Document Type

Book Chapter

Publication Date

2019

Abstract

According to F. W. Maitland, ‘the treatment of seisin in our oldest common law must be understood if ever we are to use the vast store of valuable knowledge that lies buried in the plea rolls and the Year Books’. In The History of English Law, Maitland stated firmly that ‘Seisin is possession’, and that ‘When we say that seisin is possession, we use the latter term in the sense in which lawyers use it, a sense in which possession is quite distinct from, and may be sharply opposed to, proprietary right.’ He added that ‘The idea of seisin seems to be closely connected in our ancestors’ minds with the idea of enjoyment. … Seisin of land … is not the enjoyment of the fruits of the earth; it is rather that state of things which in due time will render such an enjoyment possible.’ His discussion rests to a considerable degree on his reading of the thirteenth-century lawbook Bracton , which adopted a significantly Roman law framework, although Maitland did not simply accept Bracton’s views but questioned and modified them in various ways.
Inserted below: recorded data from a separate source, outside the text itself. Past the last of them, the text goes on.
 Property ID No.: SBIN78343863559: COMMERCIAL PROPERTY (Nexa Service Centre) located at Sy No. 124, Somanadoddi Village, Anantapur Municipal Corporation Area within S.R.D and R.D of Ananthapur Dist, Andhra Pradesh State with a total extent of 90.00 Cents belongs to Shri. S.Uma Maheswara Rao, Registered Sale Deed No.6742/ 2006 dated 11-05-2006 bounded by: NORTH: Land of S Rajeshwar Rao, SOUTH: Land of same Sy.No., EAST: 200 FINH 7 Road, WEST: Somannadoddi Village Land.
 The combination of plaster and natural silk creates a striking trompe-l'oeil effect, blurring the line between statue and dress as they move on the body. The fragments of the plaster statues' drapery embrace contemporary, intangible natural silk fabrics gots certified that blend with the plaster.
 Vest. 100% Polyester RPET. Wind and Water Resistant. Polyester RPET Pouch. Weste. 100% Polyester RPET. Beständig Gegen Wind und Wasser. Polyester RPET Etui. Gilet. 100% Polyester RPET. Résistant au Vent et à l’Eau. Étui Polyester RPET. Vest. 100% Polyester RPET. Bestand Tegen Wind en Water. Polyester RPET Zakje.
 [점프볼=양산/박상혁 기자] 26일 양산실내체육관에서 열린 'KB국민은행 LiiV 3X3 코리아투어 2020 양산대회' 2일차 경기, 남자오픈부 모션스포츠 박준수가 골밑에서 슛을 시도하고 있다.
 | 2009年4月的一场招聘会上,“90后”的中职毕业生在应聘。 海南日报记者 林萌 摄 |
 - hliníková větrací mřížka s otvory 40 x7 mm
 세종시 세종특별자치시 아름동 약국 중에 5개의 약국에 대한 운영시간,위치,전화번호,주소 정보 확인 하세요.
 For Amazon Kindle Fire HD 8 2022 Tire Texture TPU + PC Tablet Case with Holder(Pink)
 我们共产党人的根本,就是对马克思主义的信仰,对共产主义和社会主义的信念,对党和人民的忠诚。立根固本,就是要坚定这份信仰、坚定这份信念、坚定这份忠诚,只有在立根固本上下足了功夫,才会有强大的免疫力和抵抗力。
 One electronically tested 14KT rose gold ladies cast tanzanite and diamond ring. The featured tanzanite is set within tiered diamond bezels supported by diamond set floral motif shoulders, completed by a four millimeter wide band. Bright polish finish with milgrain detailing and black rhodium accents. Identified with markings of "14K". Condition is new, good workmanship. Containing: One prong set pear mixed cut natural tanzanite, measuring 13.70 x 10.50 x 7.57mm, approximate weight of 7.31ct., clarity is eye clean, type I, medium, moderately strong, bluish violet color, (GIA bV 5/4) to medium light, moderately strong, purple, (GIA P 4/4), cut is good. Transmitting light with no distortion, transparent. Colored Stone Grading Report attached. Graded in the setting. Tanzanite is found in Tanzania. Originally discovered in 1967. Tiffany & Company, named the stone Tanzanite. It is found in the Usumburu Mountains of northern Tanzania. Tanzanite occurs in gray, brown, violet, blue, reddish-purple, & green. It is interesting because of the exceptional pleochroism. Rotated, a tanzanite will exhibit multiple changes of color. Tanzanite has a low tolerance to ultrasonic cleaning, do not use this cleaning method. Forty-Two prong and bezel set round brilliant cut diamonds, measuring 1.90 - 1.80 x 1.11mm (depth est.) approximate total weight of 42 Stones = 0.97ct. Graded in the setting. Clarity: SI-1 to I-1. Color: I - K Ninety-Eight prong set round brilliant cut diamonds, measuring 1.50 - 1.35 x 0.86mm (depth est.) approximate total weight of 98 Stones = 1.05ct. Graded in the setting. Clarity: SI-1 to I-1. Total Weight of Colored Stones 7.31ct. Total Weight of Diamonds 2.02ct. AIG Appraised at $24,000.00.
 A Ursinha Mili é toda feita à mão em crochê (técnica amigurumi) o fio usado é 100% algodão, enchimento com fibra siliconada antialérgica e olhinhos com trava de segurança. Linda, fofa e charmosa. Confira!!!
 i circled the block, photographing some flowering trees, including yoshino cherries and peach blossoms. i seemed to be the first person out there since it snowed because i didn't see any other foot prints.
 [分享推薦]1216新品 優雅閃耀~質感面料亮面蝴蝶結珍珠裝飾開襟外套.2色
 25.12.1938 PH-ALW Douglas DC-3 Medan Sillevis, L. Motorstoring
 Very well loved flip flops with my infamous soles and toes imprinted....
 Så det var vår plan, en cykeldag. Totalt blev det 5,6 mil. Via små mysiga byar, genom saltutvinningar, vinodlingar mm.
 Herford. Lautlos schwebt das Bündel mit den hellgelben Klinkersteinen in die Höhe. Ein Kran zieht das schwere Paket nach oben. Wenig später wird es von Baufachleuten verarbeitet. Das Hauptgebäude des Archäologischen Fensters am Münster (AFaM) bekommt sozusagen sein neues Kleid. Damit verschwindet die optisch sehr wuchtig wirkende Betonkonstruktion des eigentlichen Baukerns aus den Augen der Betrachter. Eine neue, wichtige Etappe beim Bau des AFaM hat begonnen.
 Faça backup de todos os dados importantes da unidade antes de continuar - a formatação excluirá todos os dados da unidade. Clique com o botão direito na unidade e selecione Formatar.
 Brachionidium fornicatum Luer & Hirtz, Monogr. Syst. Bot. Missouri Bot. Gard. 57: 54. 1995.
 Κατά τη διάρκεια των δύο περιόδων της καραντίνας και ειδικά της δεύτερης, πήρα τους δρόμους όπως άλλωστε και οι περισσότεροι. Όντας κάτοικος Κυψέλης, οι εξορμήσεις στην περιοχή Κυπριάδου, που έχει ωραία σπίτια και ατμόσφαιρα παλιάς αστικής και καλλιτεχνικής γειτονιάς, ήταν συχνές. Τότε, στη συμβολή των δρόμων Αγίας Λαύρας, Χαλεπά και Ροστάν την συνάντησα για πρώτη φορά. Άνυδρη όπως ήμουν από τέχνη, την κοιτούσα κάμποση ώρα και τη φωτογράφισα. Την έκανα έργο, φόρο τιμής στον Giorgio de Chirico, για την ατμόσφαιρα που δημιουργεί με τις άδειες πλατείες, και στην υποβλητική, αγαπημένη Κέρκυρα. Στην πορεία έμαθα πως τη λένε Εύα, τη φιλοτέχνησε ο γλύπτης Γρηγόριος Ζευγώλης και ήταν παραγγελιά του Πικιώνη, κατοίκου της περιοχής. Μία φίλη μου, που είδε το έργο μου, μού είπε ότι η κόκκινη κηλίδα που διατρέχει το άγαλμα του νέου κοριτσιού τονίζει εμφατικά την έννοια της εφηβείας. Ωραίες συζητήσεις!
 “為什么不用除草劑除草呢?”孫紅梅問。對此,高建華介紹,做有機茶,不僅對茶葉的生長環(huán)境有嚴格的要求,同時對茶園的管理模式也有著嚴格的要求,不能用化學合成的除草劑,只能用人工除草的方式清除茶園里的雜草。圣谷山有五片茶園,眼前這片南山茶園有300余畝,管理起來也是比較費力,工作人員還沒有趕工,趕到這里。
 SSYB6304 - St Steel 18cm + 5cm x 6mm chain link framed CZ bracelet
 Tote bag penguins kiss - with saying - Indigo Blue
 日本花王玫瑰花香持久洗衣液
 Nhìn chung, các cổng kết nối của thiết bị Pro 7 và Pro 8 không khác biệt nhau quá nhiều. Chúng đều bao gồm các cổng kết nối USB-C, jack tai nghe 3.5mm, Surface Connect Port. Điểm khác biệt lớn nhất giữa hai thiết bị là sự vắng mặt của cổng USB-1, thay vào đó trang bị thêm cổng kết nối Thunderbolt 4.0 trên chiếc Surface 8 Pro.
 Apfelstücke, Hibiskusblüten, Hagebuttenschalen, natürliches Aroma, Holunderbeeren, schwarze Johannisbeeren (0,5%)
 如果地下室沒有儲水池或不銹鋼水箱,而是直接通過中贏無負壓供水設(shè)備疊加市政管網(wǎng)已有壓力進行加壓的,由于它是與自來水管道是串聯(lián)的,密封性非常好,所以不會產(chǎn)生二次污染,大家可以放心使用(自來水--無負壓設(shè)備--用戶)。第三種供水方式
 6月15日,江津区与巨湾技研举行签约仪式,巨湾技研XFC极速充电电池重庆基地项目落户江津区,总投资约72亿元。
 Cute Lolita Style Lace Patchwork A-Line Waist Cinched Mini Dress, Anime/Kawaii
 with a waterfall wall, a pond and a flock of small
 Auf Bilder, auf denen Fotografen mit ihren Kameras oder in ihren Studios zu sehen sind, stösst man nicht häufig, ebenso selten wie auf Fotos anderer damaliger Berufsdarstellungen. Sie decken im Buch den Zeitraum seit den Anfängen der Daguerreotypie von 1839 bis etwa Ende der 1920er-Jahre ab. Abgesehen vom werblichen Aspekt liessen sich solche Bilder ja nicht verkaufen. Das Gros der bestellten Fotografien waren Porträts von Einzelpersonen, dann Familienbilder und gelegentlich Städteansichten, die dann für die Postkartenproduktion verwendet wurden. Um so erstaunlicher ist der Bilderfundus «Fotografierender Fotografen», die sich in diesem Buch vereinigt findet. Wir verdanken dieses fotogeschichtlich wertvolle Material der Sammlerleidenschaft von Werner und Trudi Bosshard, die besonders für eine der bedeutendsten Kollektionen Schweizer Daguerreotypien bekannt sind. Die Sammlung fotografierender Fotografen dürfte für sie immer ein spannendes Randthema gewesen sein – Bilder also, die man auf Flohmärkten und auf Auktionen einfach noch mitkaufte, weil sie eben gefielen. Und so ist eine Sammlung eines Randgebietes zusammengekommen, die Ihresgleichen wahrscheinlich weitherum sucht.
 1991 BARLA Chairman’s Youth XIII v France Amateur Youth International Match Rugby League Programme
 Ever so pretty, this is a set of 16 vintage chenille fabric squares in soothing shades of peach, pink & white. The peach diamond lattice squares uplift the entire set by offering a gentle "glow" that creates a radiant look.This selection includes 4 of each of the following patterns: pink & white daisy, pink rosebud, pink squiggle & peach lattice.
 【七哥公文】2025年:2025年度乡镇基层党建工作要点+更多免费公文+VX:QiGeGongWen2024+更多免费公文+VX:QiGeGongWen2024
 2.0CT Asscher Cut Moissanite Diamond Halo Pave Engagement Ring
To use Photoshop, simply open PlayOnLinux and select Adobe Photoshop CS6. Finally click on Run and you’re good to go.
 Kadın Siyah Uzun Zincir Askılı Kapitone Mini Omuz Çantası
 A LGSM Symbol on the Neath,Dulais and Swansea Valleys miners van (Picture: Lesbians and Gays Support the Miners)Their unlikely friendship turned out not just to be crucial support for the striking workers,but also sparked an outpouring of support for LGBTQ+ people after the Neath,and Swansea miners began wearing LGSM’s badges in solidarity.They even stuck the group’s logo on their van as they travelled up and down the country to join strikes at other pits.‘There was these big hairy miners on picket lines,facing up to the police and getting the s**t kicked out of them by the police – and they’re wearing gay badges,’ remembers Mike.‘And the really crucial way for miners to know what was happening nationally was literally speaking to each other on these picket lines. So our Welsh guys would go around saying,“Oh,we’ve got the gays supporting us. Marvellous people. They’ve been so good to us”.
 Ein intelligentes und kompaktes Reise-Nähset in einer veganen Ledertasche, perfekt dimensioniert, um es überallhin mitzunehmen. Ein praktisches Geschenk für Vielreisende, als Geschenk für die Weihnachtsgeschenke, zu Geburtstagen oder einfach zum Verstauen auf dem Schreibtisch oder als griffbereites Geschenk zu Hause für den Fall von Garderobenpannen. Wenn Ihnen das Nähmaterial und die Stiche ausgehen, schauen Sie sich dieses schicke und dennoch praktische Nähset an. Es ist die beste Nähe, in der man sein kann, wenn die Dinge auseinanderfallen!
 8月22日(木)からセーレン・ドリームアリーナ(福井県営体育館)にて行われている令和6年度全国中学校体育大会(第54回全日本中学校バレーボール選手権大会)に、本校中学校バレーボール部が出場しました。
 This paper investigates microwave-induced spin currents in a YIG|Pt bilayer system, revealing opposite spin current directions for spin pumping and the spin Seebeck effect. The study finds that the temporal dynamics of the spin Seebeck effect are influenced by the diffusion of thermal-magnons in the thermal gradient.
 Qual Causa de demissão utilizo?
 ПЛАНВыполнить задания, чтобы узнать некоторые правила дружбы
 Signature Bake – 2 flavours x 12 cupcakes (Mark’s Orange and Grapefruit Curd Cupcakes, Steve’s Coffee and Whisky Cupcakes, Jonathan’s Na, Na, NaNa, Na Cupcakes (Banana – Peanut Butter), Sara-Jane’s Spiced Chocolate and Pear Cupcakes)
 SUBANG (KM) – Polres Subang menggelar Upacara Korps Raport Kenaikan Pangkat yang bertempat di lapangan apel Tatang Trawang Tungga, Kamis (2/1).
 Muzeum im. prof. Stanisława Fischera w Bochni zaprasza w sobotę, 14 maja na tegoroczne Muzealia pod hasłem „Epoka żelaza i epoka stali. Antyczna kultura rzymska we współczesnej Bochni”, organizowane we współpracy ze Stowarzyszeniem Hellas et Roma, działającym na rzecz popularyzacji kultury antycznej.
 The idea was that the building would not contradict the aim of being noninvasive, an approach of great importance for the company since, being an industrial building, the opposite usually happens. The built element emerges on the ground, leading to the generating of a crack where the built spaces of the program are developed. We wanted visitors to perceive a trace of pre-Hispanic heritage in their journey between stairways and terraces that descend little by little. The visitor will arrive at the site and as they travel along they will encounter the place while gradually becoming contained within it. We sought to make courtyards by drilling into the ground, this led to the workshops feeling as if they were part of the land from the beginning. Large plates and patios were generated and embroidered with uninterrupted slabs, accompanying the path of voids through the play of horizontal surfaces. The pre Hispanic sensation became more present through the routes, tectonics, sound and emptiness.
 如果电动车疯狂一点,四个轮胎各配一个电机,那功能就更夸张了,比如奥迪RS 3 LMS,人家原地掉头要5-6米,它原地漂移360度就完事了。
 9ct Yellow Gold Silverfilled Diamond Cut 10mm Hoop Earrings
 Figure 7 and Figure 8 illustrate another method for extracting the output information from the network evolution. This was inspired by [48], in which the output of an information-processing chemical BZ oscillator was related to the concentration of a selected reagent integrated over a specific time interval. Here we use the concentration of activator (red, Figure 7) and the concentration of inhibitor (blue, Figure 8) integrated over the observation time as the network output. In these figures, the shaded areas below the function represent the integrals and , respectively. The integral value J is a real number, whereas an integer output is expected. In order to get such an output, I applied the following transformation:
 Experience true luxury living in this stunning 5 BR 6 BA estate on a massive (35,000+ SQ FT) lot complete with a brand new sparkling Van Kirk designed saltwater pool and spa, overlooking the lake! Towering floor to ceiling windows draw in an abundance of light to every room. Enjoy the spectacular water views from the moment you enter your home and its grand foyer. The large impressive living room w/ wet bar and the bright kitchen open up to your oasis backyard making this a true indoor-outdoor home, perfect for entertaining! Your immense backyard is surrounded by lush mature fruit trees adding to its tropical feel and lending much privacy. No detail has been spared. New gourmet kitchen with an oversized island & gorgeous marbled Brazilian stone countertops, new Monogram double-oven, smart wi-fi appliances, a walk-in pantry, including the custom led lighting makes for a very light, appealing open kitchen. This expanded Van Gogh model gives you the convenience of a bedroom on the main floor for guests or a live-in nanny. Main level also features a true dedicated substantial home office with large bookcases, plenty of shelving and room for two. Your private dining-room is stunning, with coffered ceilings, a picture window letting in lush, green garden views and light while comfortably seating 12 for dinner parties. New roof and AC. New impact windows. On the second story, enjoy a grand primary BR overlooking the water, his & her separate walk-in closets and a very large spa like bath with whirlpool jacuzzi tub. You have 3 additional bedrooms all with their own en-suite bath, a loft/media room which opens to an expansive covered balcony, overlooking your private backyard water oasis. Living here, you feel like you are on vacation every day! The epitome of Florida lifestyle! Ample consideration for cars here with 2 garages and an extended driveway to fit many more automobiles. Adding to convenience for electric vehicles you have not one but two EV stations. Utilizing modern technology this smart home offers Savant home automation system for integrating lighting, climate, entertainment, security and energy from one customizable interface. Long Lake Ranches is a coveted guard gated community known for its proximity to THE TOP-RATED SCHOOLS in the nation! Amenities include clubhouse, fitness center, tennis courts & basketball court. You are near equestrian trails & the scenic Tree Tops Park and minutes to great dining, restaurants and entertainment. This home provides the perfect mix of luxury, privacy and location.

Published three decades after Maitland’s History, Joüon des Longrais’s La Conception Anglaise de la Saisine du XIIe au XIVe Siècle also drew heavily on Bracton . However, his emphasis was upon seisin as enjoyment penetrated by right. This he saw as the old notion of seisin, which continued in England after the influence of Roman and canon law brought a sharper division between possession and property in France. For S. F. C. Milsom, such treatments were misconceived, in part because of the influence of Bracton and its Romanism. Rather, lordship was central to seisin, particularly until the late twelfth century: ‘seisin itself connotes not just factual possession but that seignorial acceptance which is all the title there can be’. This basic structure of feudal tenure left its mark even after Angevin reforms had diminished the importance of the seignorial dimension of landholding.

The purpose of the present paper is not to arbitrate between these positions, but to look more carefully at the language of the evidence upon which the arguments rest. It assesses use of the word ‘seisin’ in the sources of the nascent English common law, in the late twelfth and early thirteenth centuries. Normally the word was used with reference to a tenement, but it could also be used, for example, with reference to chattels. How far was ‘seisin’ a technical term with a defined meaning, how far did other usages continue? How far was ‘seisin’ a term employed with explicit association to a particular person or tenement, how far without such an explicit association, including as a more free-standing abstraction? How did it relate to ownership or right, how far did it involve an element of title, how far actual enjoyment of profits? I then move on to developments designed to refine the word’s technical meaning. First I consider Bracton’s distinction between being ‘in seisin’ and being ‘seised’. Next I examine statements as to what the person was seised of, for example free tenement or gage. Then I move on to the use of adjectives applied to seisin, for example ‘simple’ and ‘full’. Finally I turn to capacity to alienate and protection of tenure.